Дикие всадники сами по себе особой военной ценности не представляли. Основа их тактики состояла в том, что они кучей бросались вперед с криками «ура!» в надежде испугать противника и заставить его обратиться в бегство, после чего отлавливали некоторых из беглецов и собирали всю оставленную добычу. Если солдат не собирался бежать, а наводил на них ружье, непременно бежали сами казаки, однако опытный пехотинец не спешил стрелять, зная, что враг вернется и атакует его во время перезарядки. Пика казака снабжалась тонким и круглым в сечении наконечником, который только прокалывал тело, но не резал жил и мышц, а потому, если удар не приходился в жизненно важный орган, раны обычно не бывали серьезными.

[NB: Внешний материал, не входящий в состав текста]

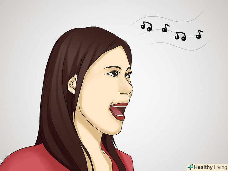 Відкрийте вашу голову.це, звичайно, метафора. Це одне з тих речей, які співаки виробляють; якщо ви раніше працювали над своїм голосом, ви, можливо, знаєте, що це означає. Кращий спосіб візуалізувати-це представити ноти, які виходять з верхівки голови. З якоїсь причини, ці фантазії можуть бути досить ефективними.- Іноді, ми також схильні співати в ніс; якщо ви чуєте свій голос, що рухається в цьому напрямку, нагадайте собі «відкритися». Ви повинні почути зміни вашого голосу автоматично-щось більш природне і менш фальшиве, якщо у вас все вийде.

При наступлении французы словно бы не замечали казаков, высмеивая их постыдное нежелание подвергать себя хоть малейшей опасности. «Если бы кто-нибудь собрал полк французских девиц, то, думаю, они выказали бы больше храбрости, чем эти знаменитые казаки со своими длинными пиками и длинными бородами», – иронизировал по данному поводу один солдат. Однако в условиях отступления, в отсутствии сообразного количества кавалерии на стороне французов, казаки приобретали значение, много превосходившее их потенциал. «Французского солдата легко деморализовать, – подмечал лейтенант Блаз де Бюри. – Четыре гусара у него на фланге ему страшнее тысячи по фронту».

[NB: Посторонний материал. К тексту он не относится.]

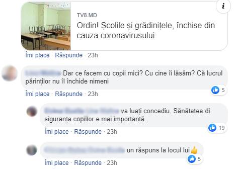 „Părinții respectivi procedează așa cum fac în cazul în care sunt vacanțele pentru copii. Asta este o situație excepțională în care miza este sănătatea copiilor. Eu aproape sunt sigur că părinții vor identifica soluții pentru a face așa încât copiii să se afle în supraveghere. Vin cu un apel către părinți să fie conștienți de ceea ce se petrece. Eu cred că nu este o problemă că copiii ar ieși la joacă la teren, în condițiile în care sunt sub supravegherea părinților. Să fie atenți cu cine contactează și starea micuților”, a spus ministrul pentru tv8.md.

2 ноября маршал Лефевр в речи перед Старой гвардией высказался по данному вопросу с обычной для себя солдатской прямотой. «Гренадеры и егеря, казаки тут, тут, тут и тут, – говорил он, показывая на все четыре стороны. – Если вы не следуете за мной, вам п – ц. Я вам не просто какой-нибудь генерал, и не зря в Мозельской армии меня звали отец вечный. Гренадеры и егеря, вновь повторю вам: если вы не рядом со мной, вам п – ц. И в любом случае мне всё е – ть. Вы все можете идти на х…». Гвардия не разочаровала, и ряды ее оставались сомкнутыми все время, чего, однако, не скажешь о других войсках. Когда в ходе отступления стал слабеть боевой дух, в души вкрался и поселился там безотчетный страх, один только возглас «казаки!» заставлял даже старых солдат обращаться с бегство ради спасения.

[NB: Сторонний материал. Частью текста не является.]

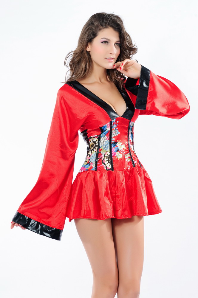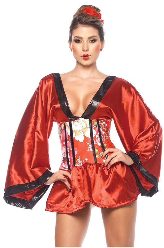 Have them bowing at your knees dressed to impress in this gorgeous new shanghai delight geisha costume. This sexy costume set features a long billow-sleeve kimono-inspired satin-look mini dress with low cut neckline, v-cut back, corset inspired waist cinching bodice with Japanese accented print and flowing mini skirted bottom. Headpiece not included. One size fits most.
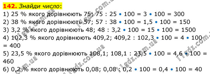 Знайди число: 1) 25 % якого дорівнюють 75; 75 : 25 • 100 = 3 • 100 = 300 2) 38 % якого дорівнюють 57; 57 : 38 • 100 = 1,5 • 100 = 150 3) 3,2 % якого дорівнюють 48; 48 : 3,2 • 100 = 15 • 100 = 1500 4) 102,3 % якого дорівнюють 409,2; 409,2 : 102,3 • 100 = 4 • 100 = 400 5) 23,5 % якого дорівнюють 108,1; 108,1 : 23,5 • 100 = 4,6 • 100 = 460 6) 0,2 % якого дорівнюють 0,08; 0,08 : 0,2 • 100 = 0,4 • 100 = 40
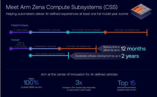 如何更快地将创新成果带给驾驶者,是当下车厂面临的重大挑战之一。传统的芯片开发周期往往会导致车辆交付延迟,使车厂无法提供当今驾驶者所期待的、由人工智能 (AI) 驱动的功能。Arm Zena CSS 能够缩短产品上市周期,在不同车型系列中实现 AI 能力的扩展,并助力车厂在快速演进的 AI 定义汽车时代保持竞争力。

Французы отступали эшелонами: Наполеон, сопровождаемый Старой гвардией, возглавлял движение, затем шла Молодая гвардия, потом остатки кавалерии Мюрата и корпуса Жюно. 31 октября они прибыли в Вязьму. За ними подтянулся Ней с 3-м корпусом, за которым следовали итало-французские войска принца Евгения и остатки польского корпуса Понятовского. Замыкал колонну Даву с его 1-м корпусом.

Продвигались войска медленно, в основном из-за нехватки и ослабления тягловых лошадей. Ввиду недостатка корма смерть косила конский парк, а оставшиеся животные становились слишком хилыми и не могли тащить пушки и зарядные ящики. Орудия с обычной упряжкой из трех пар теперь волокли двенадцать или пятнадцать лошадей, но даже при таком раскладе колеса бывало застревали в грязных колеях и останавливались на подъемах. Помогать толкать пушки привлекали проходящую пехоту, но измотанным солдатам вовсе не улыбалось выполнять подобные задачи и они шли на все в попытках избежать ненужных нагрузок. Взлетали на воздух взорванные повозки с порохом, летели на землю лишние боеприпасы – делалось все для облегчения груза. Артиллеристы захватывали частные экипажи и нагруженные добычей повозки, жгли их, а лошадей реквизировали. 30 октября у Гжатска капитан Анри-Жозеф Пэксан, адъютант генерала Ларибуасьера, проезжал мимо колонны нагруженных ранеными повозок, лишенных коней – все они были кем-то выпряжены и уведены. «Эти бедняги умоляли нас о милосердии, сложив руки, как для молитвы, – вспоминал он. – Они взывали к нам раздирающими душу голосами, что они тоже французы, что были ранены, сражаясь на нашей стороне, и слезно просили не бросать их».

Отчасти сложности проистекали из-за видения ситуации Наполеоном, который считал происходившее тактическим отходом, а не отступлением. Некоторые корпусные командиры хотели бросить часть ненужных им артиллерийских орудий. Такой шаг высвободил бы лошадей для транспортировки оставшегося парка и позволил бы сэкономить время, но Наполеон не желал и слышать ни о чем подобном, поскольку русские сочли бы подобранные пушки трофеями. Упорное стремление не терять лица обошлось ему дорого.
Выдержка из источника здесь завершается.